Marcus shook his head. “Nothing.”
“Not nothing. Talk to me.”
Marcus glared at him. For some reason, that demand made him furious. “No one ever cares what I have to say,” he said through clenched teeth. “So why should I?”
Why should I tell you being around you makes me feel… something. I don’t even know what.
“Because I’m not no one. I’m me. You chose me, at least for a meal and a night. You’re still here. Why?”
Marcus shifted his glare to the hand on his leg and ground his teeth.
Eli moved his hand.
The release was… awful. Marcus wanted the touch back. He glanced up to find Eli watching him, even as he carefully cut off a small section of pancake and put it in his mouth.
Once he was done chewing and had swallowed his mouthful, Eli lifted both eyebrows. “Still here,” he said, voice so calm Marcus wanted to punch him. And move closer to steal some of that calm for himself.
His only move was to curl his fingers tight around the seat cushion, like he needed that grip to hold himself in place.
“One of the reasons guys seek me out,” Eli said as he turned his gaze back to his plate, “is because they want to feel safe. Even if it’s only for a few hours. They can be whoever they want with me, and they know I’m not going to hurt them. Physically or otherwise. It takes a lot for most guys to admit they want that.”
“Safe.” Marcus crumpled the seat cushion.
“Sure.” Lifting one shoulder as he cut up his food, Eli kept his eyes turned to his plate. “Maybe my not being the most attractive guy in the room adds to that.” He paused, like he was weighing something in his head, then shrugged again. “You brush it off when I say this, but you are gorgeous. Beauty can be intimidating.” He finally looked up, a crooked expression on his face. “When you walked into the restaurant last night, I just about chickened out. In that split second before you saw me sitting there, I thought I had the time to disappear.”
“Why would you?”
“Because I thought, what would you ever see in me? No one sees past the extra pounds, the ambiguous skin tone, the social awkwardness.”

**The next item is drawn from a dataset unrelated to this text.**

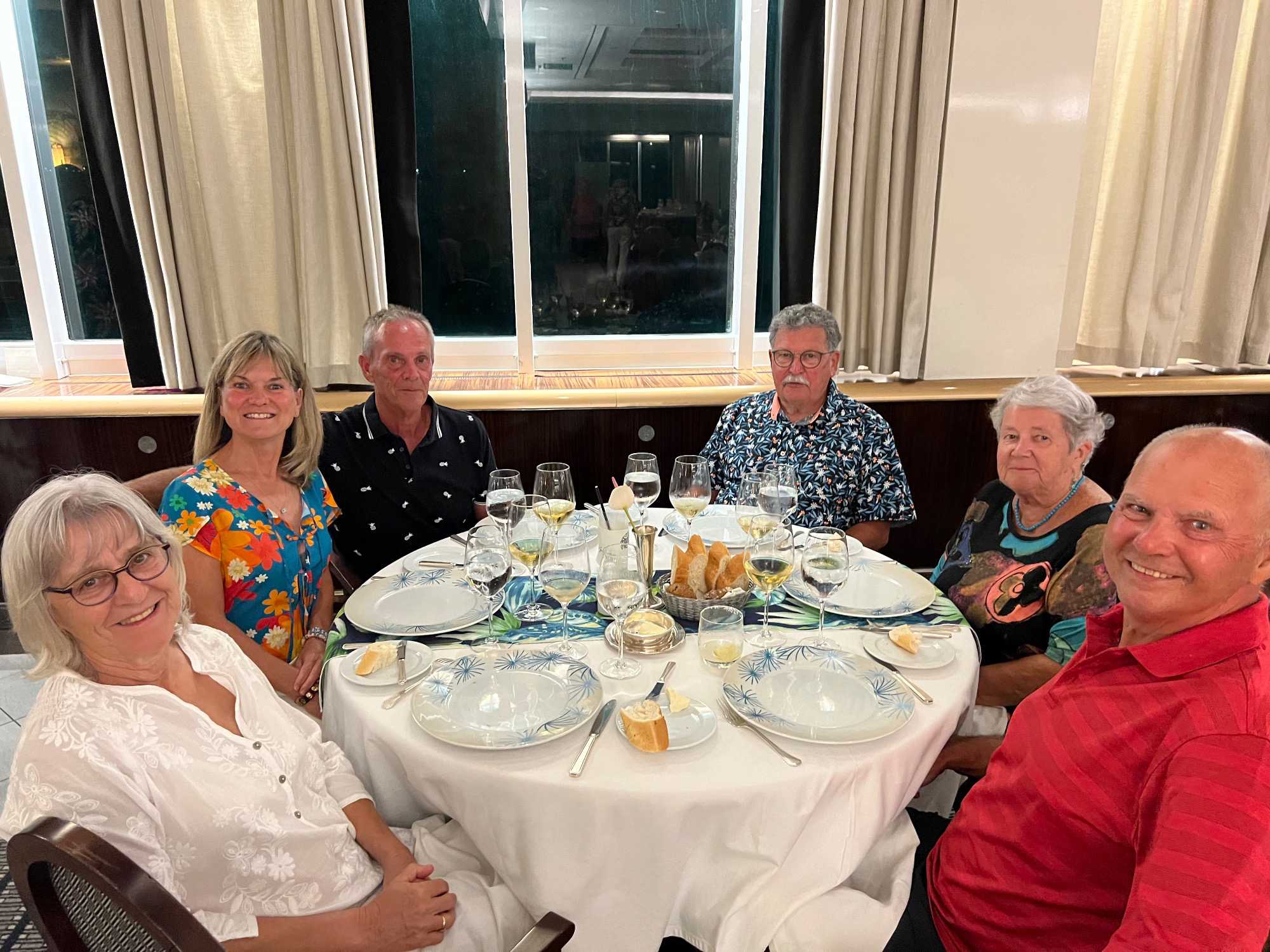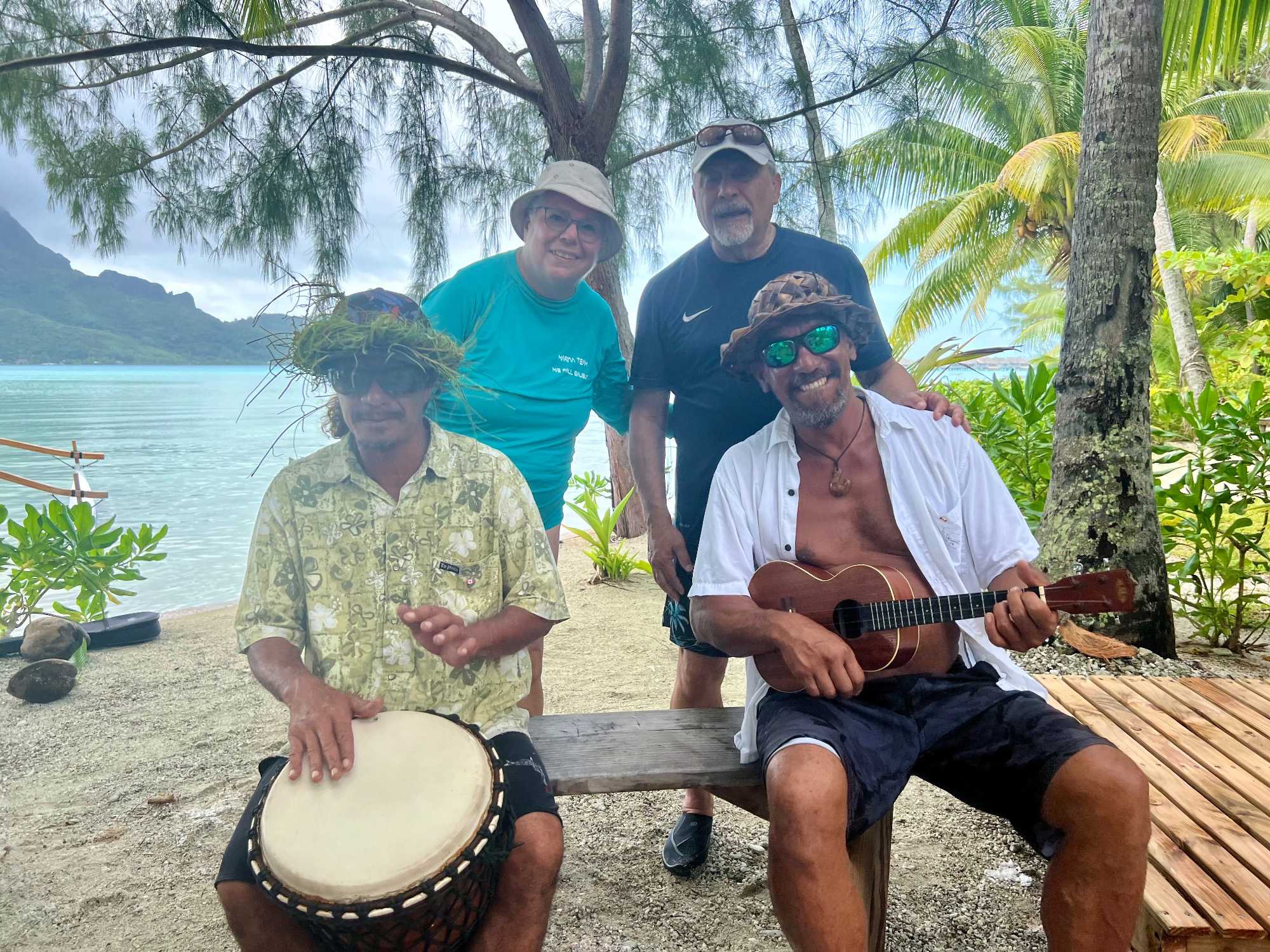 En soirée, nous avons assister à un spectacle culturel local avec une troupe de danse de Bora Bora montée à bord de notre navire pour l’occasion. Très joli comme spectacle. Nous avons eu trois membres de notre groupe qui y ont participé: les belles Sonia et Danielle, ainsi que notre infatigable Daniel. Bravo à vous trois, vous étiez merveilleux!

Pent-up steam pushing through the surface gurgled out of Marcus in a soft, semi-hysterical chuckle. “What makes you think I don’t have all the same hang-ups? The not-being-white-enough I get. I don’t even know for sure where the brown skin comes from, but there it is. I suppose it makes me exotic or some shit,” he explained when Eli tipped his head to one side and peered at him.
“What do you mean, don’t know where it comes from?”
Shrugging, Marcus tamped down on his unruly stomach. At least explaining his messed-up family was a distraction. “Both my parents are white. My dad’s side of the family can trace itself all the way back to Jolly Ol’ England, according to Aunt Iris.”
“And your mother?”
He shrugged again. “Who knows. I remember she had the thickest black eyebrows and a million miles of curly black hair. But I also remember holding her hand, and we were not the same colour. Aunt Iris had one picture of my father, and he was just as white as Iris and Johnathan.”
“So somewhere in your mother’s family, then.”
“I suppose. They say these things can skip generations, right? Like red hair or something? If I had to guess, I would say someone emigrated from India or Pakistan or someplace like that somewhere along the way. Aunt Iris tried to find out, but apparently, it can be damn hard to find anything if just one person doesn’t keep any paperwork.”
“And your mother didn’t?”
Marcus grimaced. “Most days she didn’t even know which kid was which.” He shook himself. “And anyway, I was seven when I was taken out of that, and I had Iris, so whatever. Moving on.”
Eli nodded. “Moving on.” He took another bite of his pancakes, and for a few minutes, all they did was sit quietly while Eli ate and Marcus watched him.
After a bit, Marcus found he could pull in a clean breath, and his stomach had settled. He sipped his coffee, not sure he was up to pancakes again quite yet. “You always talk about your hook-ups this much?”
“I did mention socially awkward, didn’t I?”
“You did.” Setting his cup back on the table, Marcus wrapped both hands around it. The warmth was comforting. “For the record, you’re more attractive than you think you are.”
“I know what I am, Marcus. It’s fine.”
“You’re exactly the size and shape you’re supposed to be. Trust me. Looks aren’t everything.”